## [What the task requires]
A verbatim copy of all the data is required; the pictures should not appear in it.

## [Entries shown]
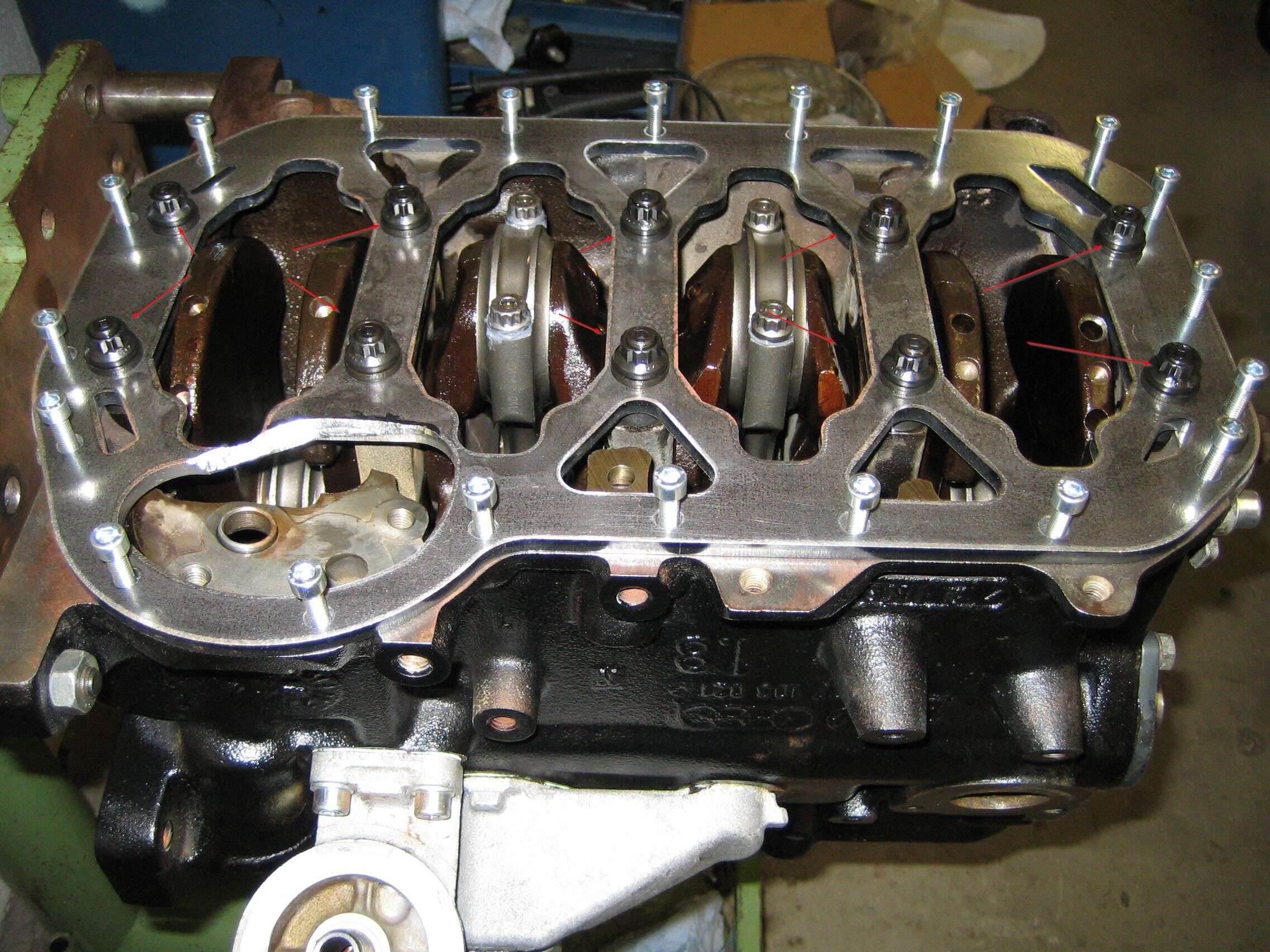 Durch die Pleuelstangen mancher Hersteller und deren Bauform kann es, vor allem bei 2,0l Motoren, vorkommen, dass nicht ausreichend Freiraum zwischen der Blockversteifungsplatte und Pleuel-Ölpumpe vorhanden ist.Daher ist unbedingt zu prüfen, ob sich alle Bauteile mit einem Freiraum von mindestens 2 mm, an der Platte vorbei bewegen.
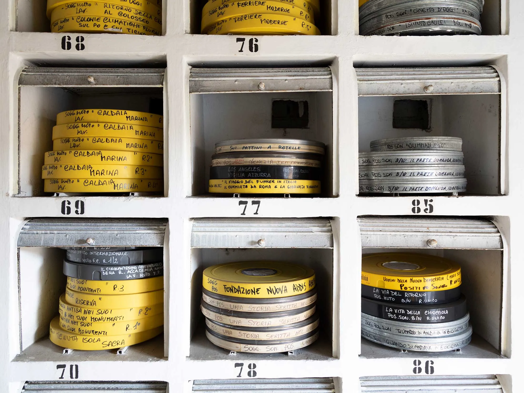 在Cinecittà的历史电影档案馆内部。摄影师:罗科·罗兰德利/TerraProjectCinecittà的历史本身可以成为一部史诗般的制作基础。它于1937年由贝尼托·墨索里尼创立,作为通过电影推广其法西斯议程的一部分,其档案馆中包含数千部战前新闻短片。在第二次世界大战期间盟军轰炸罗马后,重建的工作室成为1950年代和60年代一些最具标志性的电影的拍摄和后期制作地点:罗马假日、宾虚、克利奥帕特拉、弗朗哥·泽菲雷利的罗密欧与朱丽叶等。费德里科·费里尼在Cinecittà的场地上拍摄了他几部最著名的电影,包括甜蜜生活和八又二分之一。
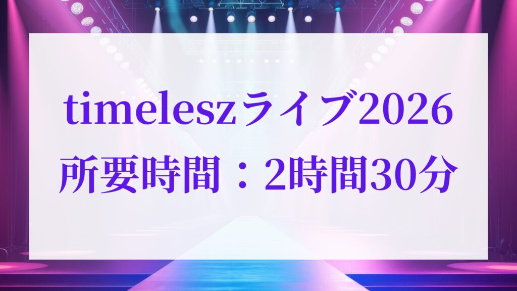 timeleszライブ2026の終演時間は、開演から「約2時間10分〜2時間30分」が目安です。
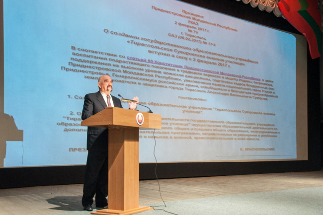 Об истории создания Суворовского военного училища России, о его роли и значении, о знаменитых суворовцах, а также о великом русском полководце, чьим именем названо учебное заведение — Александре Суворове, рассказал первый президент ПМР Игорь Смирнов.
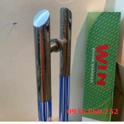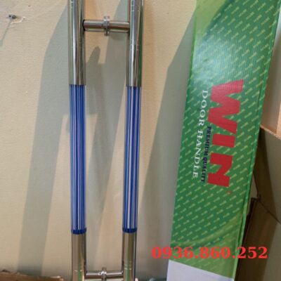 Dòng tay nắm sang trọng Rẻ nhất hiện nay, thiết kế 2 đầu Inox 304 cao cấp – Thân giữa Mica bên trong thiết kế sọc xanh dương lạ mắt, hai đầu vát trái xoài
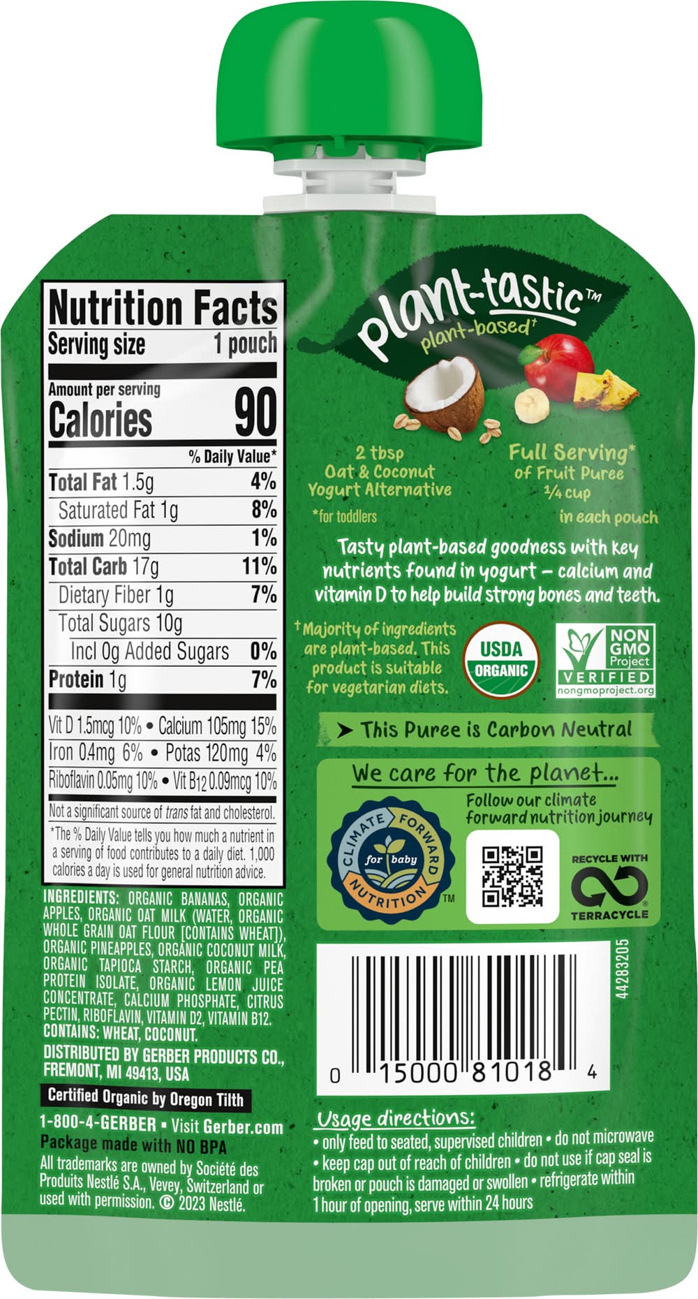 Fruit & Yogurt Alternative, with Oat & Coconut Milk, Sunshine Pineapple Fusion, Toddler (12+ Months) Gerber Products Co.,
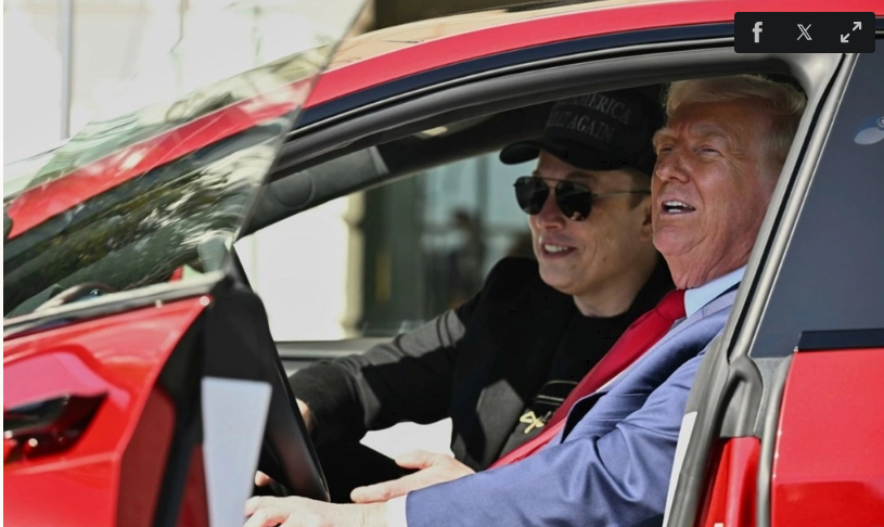 Tổng thống Donald Trump và giám đốc điều hành Tesla Elon Musk ngồi trong chiếc xe Tesla Model S màu đỏ tại Bãi cỏ phía Nam Nhà Trắng hôm 11/3. Ảnh: AP
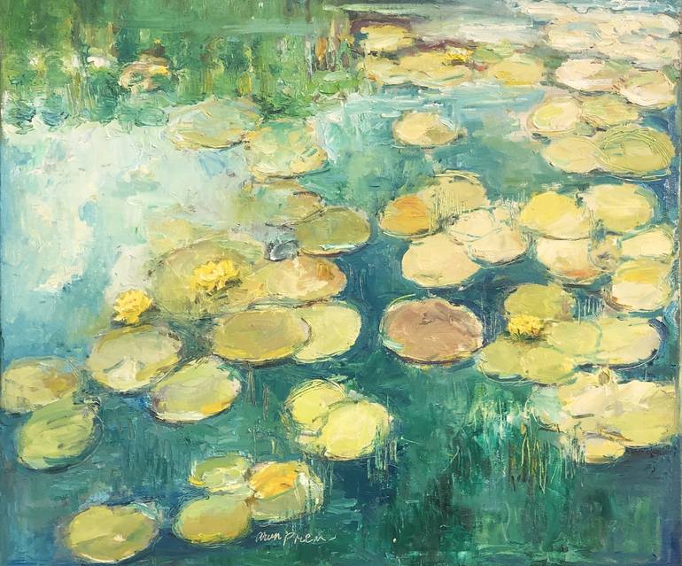 heavily textured oil on canvas, painted with brush and palette knife; light on water and yellow water lilies painted in impressionist style
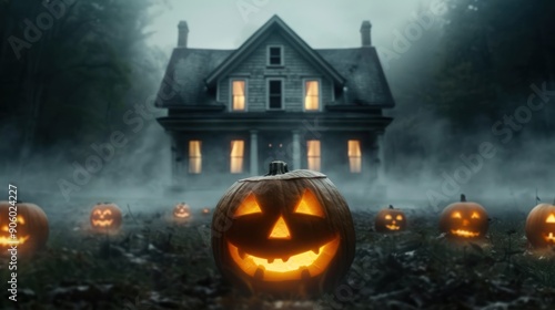 © DuangphonKPR, Naklejka premium A haunted house surrounded by a dense fog, with glowing jack-o'-lanterns leading up to the entrance
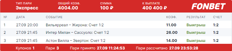 Клиент букмекерской конторы Fonbet смог угадать точный счет в трех футбольных матчах, проходивших 27 сентября. В каждом из трех событий ставка была сделана на одинаковый счет – 1:2. Несмотря на небольшое количество матчей в экспрессе, за счет довольно высоких коэффициентов итоговый индекс получился внушительным – 4004,00.
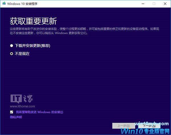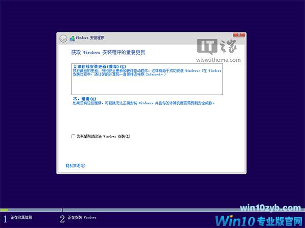 ▲这里可随意选择,如果时间紧迫可以选择完成Win10安装之后再更新。点击“下一步”继续
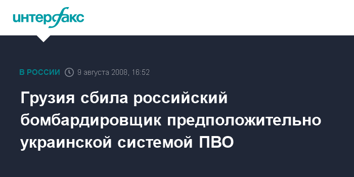 Москва. 9 августа. INTERFAX.RU - Российский бомбардировщик дальнего радиуса действия Ту-22 был сбит над Грузией зенитной ракетой дальнего радиуса действия, предположительно С-200, сообщил Интерфаксу-АВН" в субботу источник в оперативном штабе российской группировки.
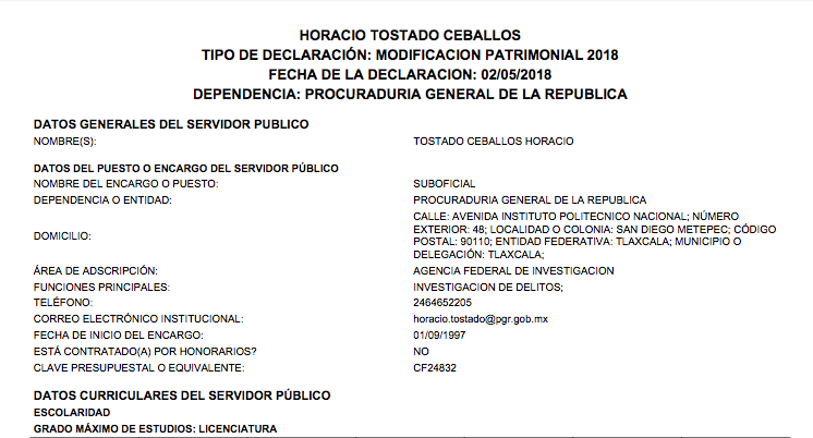 Una denuncia hecha llegar a este medio, señala a Horacio Tostado Ceballos, oficial de la agencia federal de investigación de delitos de la PGR en la delegación Tlaxcala por los delitos de Cohecho y extorsión en contra de víctimas de delitos, imputados y familiares en la entidad.
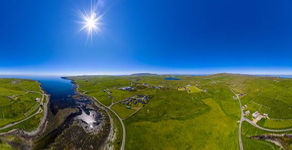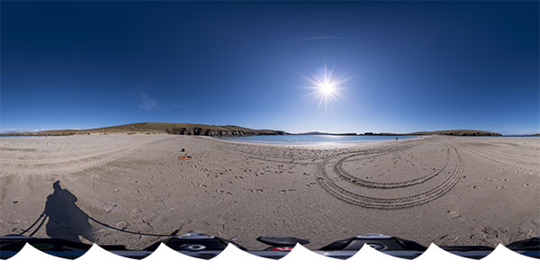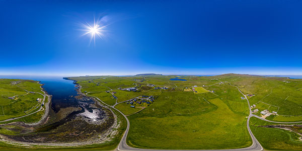 The process is repeated with the eight sky images shot in raw from the ground, and resized to the same horizontal dimensions as the aerial image. The two images are then colour matched and blended together in Adobe Photoshop to produce a full 360° by 180° image.
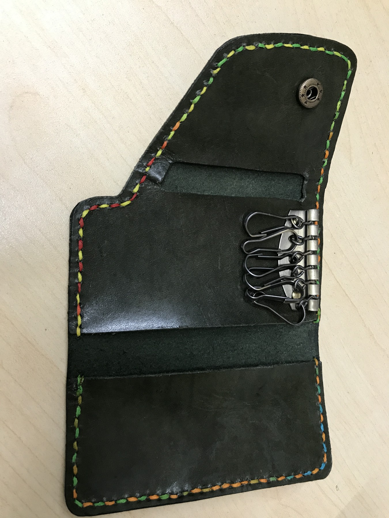 皮革十分實用,可作鎖匙扣及皮套用,有美麗的圖案,再經家長們一針一線用心地縫製,看看製成品多美!
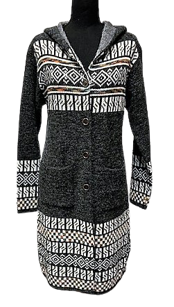 F11724 Sweater w/ Hood Short-Length - Charcoal
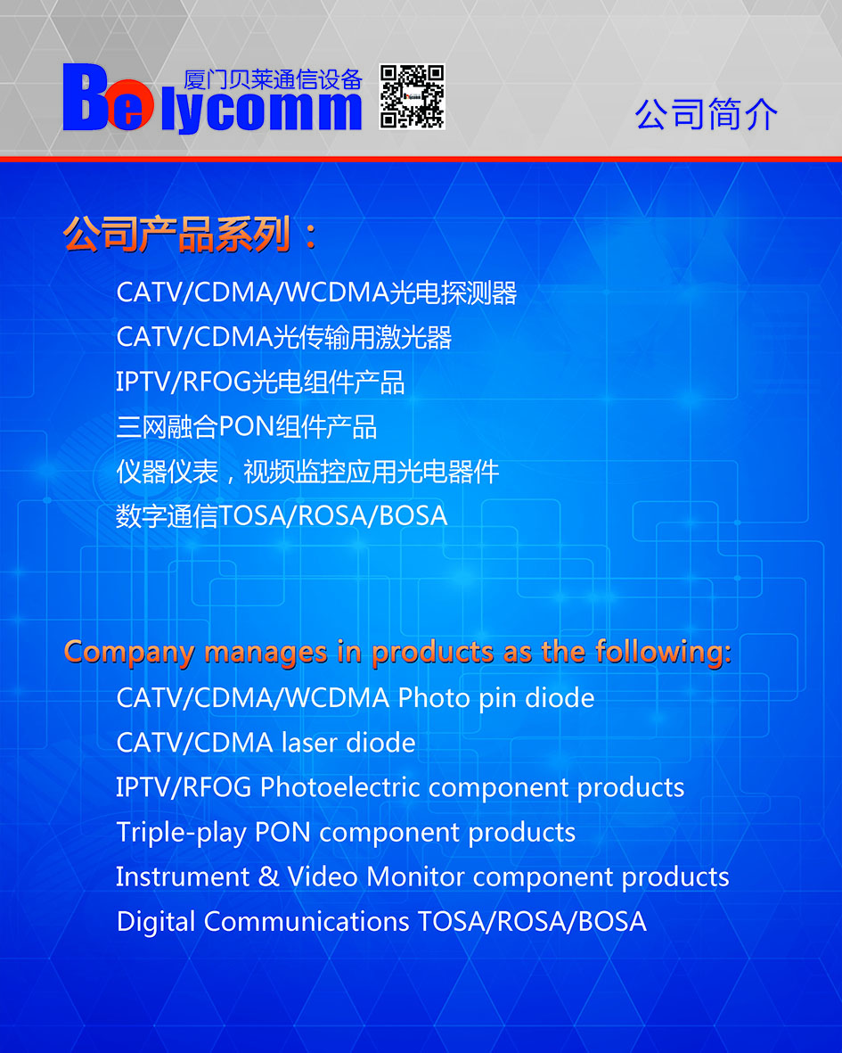 廈門市貝萊通信設(shè)備有限公司成立于2004年,廠房位于廈門市火炬高科技園區(qū),主要從事光纖通信領(lǐng)域,特別是CATV光纖傳輸領(lǐng)域和CDMA光纖直放站的各種光有源器件、光無源器件和網(wǎng)絡(luò)設(shè)備的開發(fā)、生產(chǎn)和銷售。貝萊通信是國家認(rèn)定的高薪技術(shù)企業(yè),擁有十幾項(xiàng)的實(shí)用新型專利。
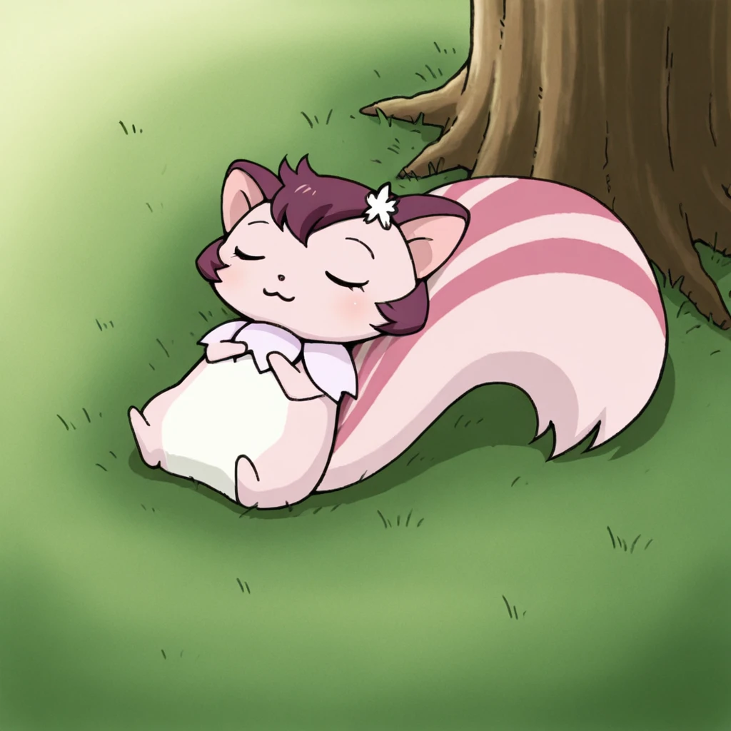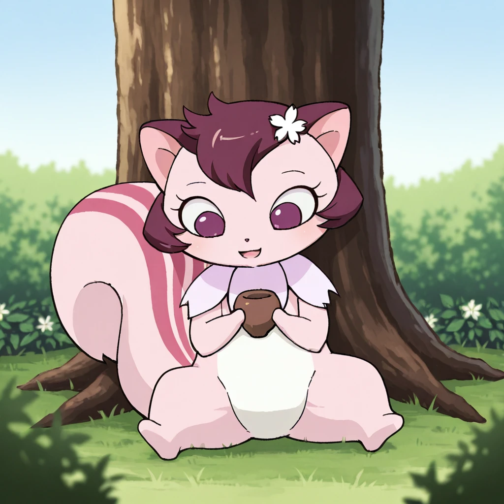chibi, (feral), chipmunk, big tail, pink fur, white fur, flower on head, purple hair, purple eyes
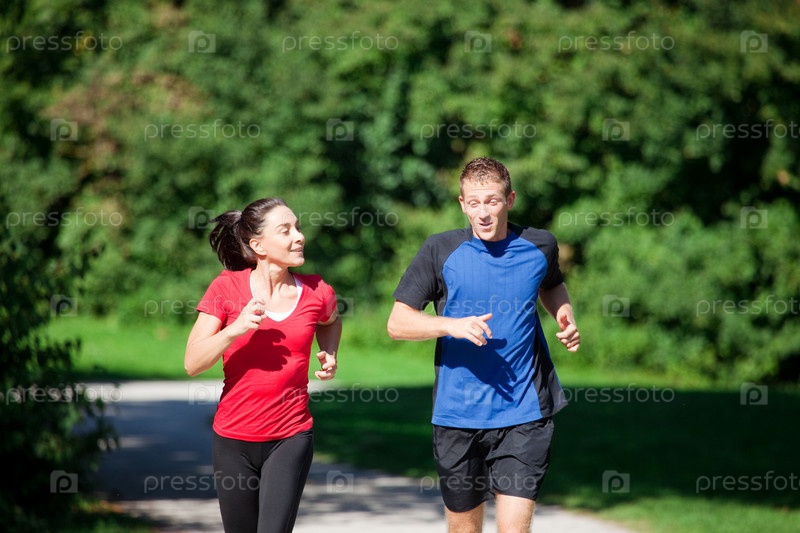 Женщина и мужчина на пробежке в парке
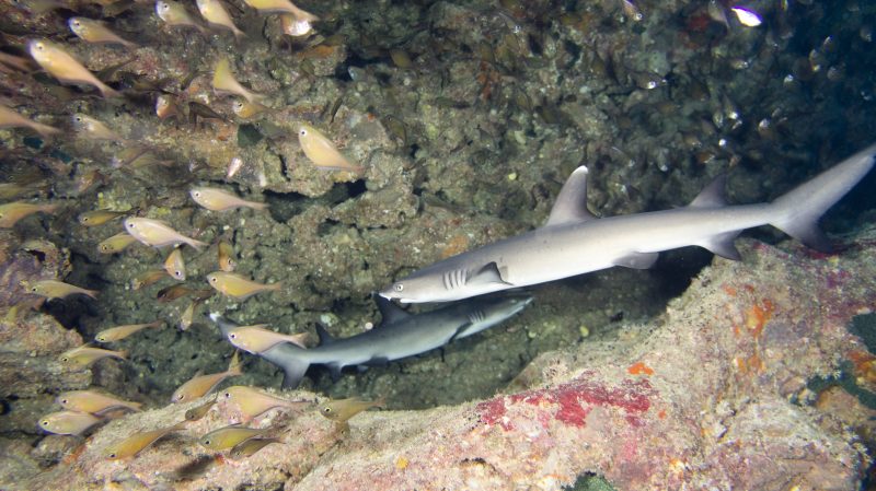 可愛らしいサイズのネムリブカが二匹行ったり来たり!

## [Solution]
 Durch die Pleuelstangen mancher Hersteller und deren Bauform kann es, vor allem bei 2,0l Motoren, vorkommen, dass nicht ausreichend Freiraum zwischen der Blockversteifungsplatte und Pleuel-Ölpumpe vorhanden ist.Daher ist unbedingt zu prüfen, ob sich alle Bauteile mit einem Freiraum von mindestens 2 mm, an der Platte vorbei bewegen.
 在Cinecittà的历史电影档案馆内部。摄影师:罗科·罗兰德利/TerraProjectCinecittà的历史本身可以成为一部史诗般的制作基础。它于1937年由贝尼托·墨索里尼创立,作为通过电影推广其法西斯议程的一部分,其档案馆中包含数千部战前新闻短片。在第二次世界大战期间盟军轰炸罗马后,重建的工作室成为1950年代和60年代一些最具标志性的电影的拍摄和后期制作地点:罗马假日、宾虚、克利奥帕特拉、弗朗哥·泽菲雷利的罗密欧与朱丽叶等。费德里科·费里尼在Cinecittà的场地上拍摄了他几部最著名的电影,包括甜蜜生活和八又二分之一。
 timeleszライブ2026の終演時間は、開演から「約2時間10分〜2時間30分」が目安です。
 Об истории создания Суворовского военного училища России, о его роли и значении, о знаменитых суворовцах, а также о великом русском полководце, чьим именем названо учебное заведение — Александре Суворове, рассказал первый президент ПМР Игорь Смирнов.
 Dòng tay nắm sang trọng Rẻ nhất hiện nay, thiết kế 2 đầu Inox 304 cao cấp – Thân giữa Mica bên trong thiết kế sọc xanh dương lạ mắt, hai đầu vát trái xoài
 Fruit & Yogurt Alternative, with Oat & Coconut Milk, Sunshine Pineapple Fusion, Toddler (12+ Months) Gerber Products Co.,
 Tổng thống Donald Trump và giám đốc điều hành Tesla Elon Musk ngồi trong chiếc xe Tesla Model S màu đỏ tại Bãi cỏ phía Nam Nhà Trắng hôm 11/3. Ảnh: AP
 heavily textured oil on canvas, painted with brush and palette knife; light on water and yellow water lilies painted in impressionist style
 © DuangphonKPR, Naklejka premium A haunted house surrounded by a dense fog, with glowing jack-o'-lanterns leading up to the entrance
 Клиент букмекерской конторы Fonbet смог угадать точный счет в трех футбольных матчах, проходивших 27 сентября. В каждом из трех событий ставка была сделана на одинаковый счет – 1:2. Несмотря на небольшое количество матчей в экспрессе, за счет довольно высоких коэффициентов итоговый индекс получился внушительным – 4004,00.
 ▲这里可随意选择,如果时间紧迫可以选择完成Win10安装之后再更新。点击“下一步”继续
 Москва. 9 августа. INTERFAX.RU - Российский бомбардировщик дальнего радиуса действия Ту-22 был сбит над Грузией зенитной ракетой дальнего радиуса действия, предположительно С-200, сообщил Интерфаксу-АВН" в субботу источник в оперативном штабе российской группировки.
 Una denuncia hecha llegar a este medio, señala a Horacio Tostado Ceballos, oficial de la agencia federal de investigación de delitos de la PGR en la delegación Tlaxcala por los delitos de Cohecho y extorsión en contra de víctimas de delitos, imputados y familiares en la entidad.
 The process is repeated with the eight sky images shot in raw from the ground, and resized to the same horizontal dimensions as the aerial image. The two images are then colour matched and blended together in Adobe Photoshop to produce a full 360° by 180° image.
 皮革十分實用,可作鎖匙扣及皮套用,有美麗的圖案,再經家長們一針一線用心地縫製,看看製成品多美!
 F11724 Sweater w/ Hood Short-Length - Charcoal
 廈門市貝萊通信設(shè)備有限公司成立于2004年,廠房位于廈門市火炬高科技園區(qū),主要從事光纖通信領(lǐng)域,特別是CATV光纖傳輸領(lǐng)域和CDMA光纖直放站的各種光有源器件、光無源器件和網(wǎng)絡(luò)設(shè)備的開發(fā)、生產(chǎn)和銷售。貝萊通信是國家認(rèn)定的高薪技術(shù)企業(yè),擁有十幾項(xiàng)的實(shí)用新型專利。
chibi, (feral), chipmunk, big tail, pink fur, white fur, flower on head, purple hair, purple eyes
 Женщина и мужчина на пробежке в парке
 可愛らしいサイズのネムリブカが二匹行ったり来たり!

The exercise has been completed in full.